FACT!: system up to date
FACT!: firewall and Selinux on
FACT!: only open ports https, http & ssh
FACT!: no SELinux alerts
FACT!: to copy files from a user account to /var/www/html/* one must have elevated access or more than just user permissions
“The only consolation you have is you're in the presence of new as well as seasoned Linux users” ~unSpawn
For some one who does not like games, you seem to be promoting it by basing your opinion with out “cold hard facts” of the situation. I realize your upset that the evidence was destroyed and no further research can be done ( “unfortunately I will not be able to "test" or "look" at that systems log files anymore. Sorry for that.” ~W@M). However my situation was not one of “users who all fell for the "let's wipe everything and hope it'll be cool anyway" reflex.”~unSpawn, it was my only dev box (second mistake) and I was under a deadline to produce the pages that kept getting reverted. @55uming the worst of a compromised system I understand most compromised systems result in wiping the box. True usually after review of evidence. 30 minutes up and running again vs 3 days with no answers, yes I will destroy the evidence for that kind turn around.
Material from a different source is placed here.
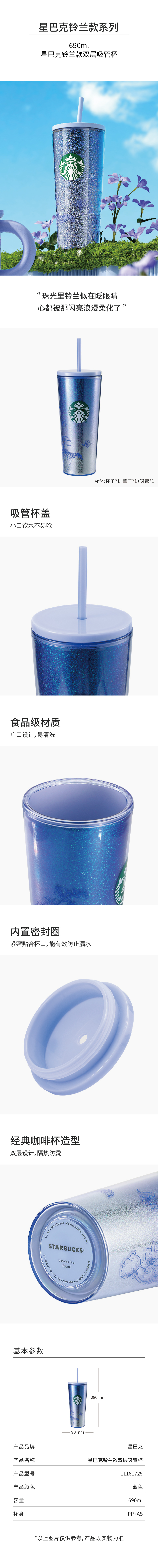 星巴克(Starbucks) 铃兰款双层吸管杯 11181725 690ml 蓝色(单位:个)
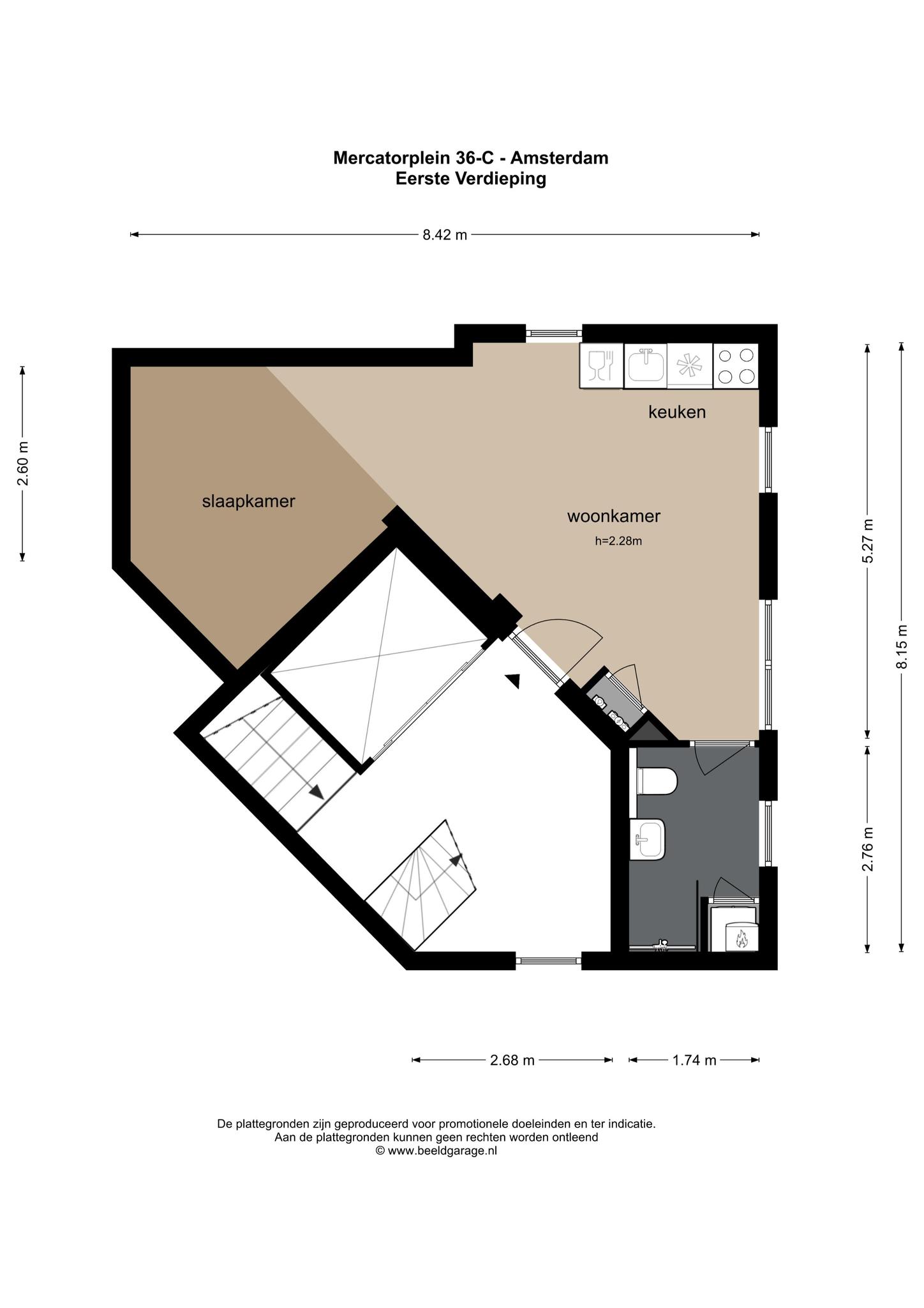Living at the Mercatorplein with a great view? This super nice studio-apartment of 37m2 located at the first floor of a well maintained building with elevator can be yours! The house has a playful layout, windows all around, a cozy living room with dining area and a spacious bathroom. Despite the bustling environment, it is very quiet inside because of the well-insulated walls and windows. Please contact our office to schedule an appointment.

I expecte seasoned Linux users would have some input on what to look for in the future or suggestions on what files to look at or something other than the useless comment you made that does not even reflect any form of moderation!
“Now some members may be in for the thrill guessing games and wild speculation bring”~unSpawn
I am not here for a guessing game. Yeah, okay I could have rephrased my questions. So, let me do that now.
“Did they get in my system and I just don't know it? “
How can you tell if some one is maintaining access to your box without a current active connection?
“Were they the ones who changed my files? “
How can you tell if a user account has changed a file if you do not recall the dates of creation or modification?
“User1 & user2 did not have failed ssh attempts so were the failed entries deleted or did they not even try them since there was no lastb entry for them? “
If a cracker found an active user account and is trying to use it for access would it show in the btmp log as a failed attempt?
If that failed attempt log was deleted wouldn't that mean they have access so that they could alter the log?
“What else could have caused the files to be reverted to the originals?”
Does ssh have caching? Could it have not saved the changes to the two files I worked on last?
FACT! Not Mentioned earlier: Only the last two files worked on were reverted to the original. All other files keep updated changes.
“It's my belief that if they are trying to ssh in and keep failing to guess the right user account and password combo then in theory they did not get in. Would that be correct?”
How can you tell if a cracker used a valid user account to gain access to your system?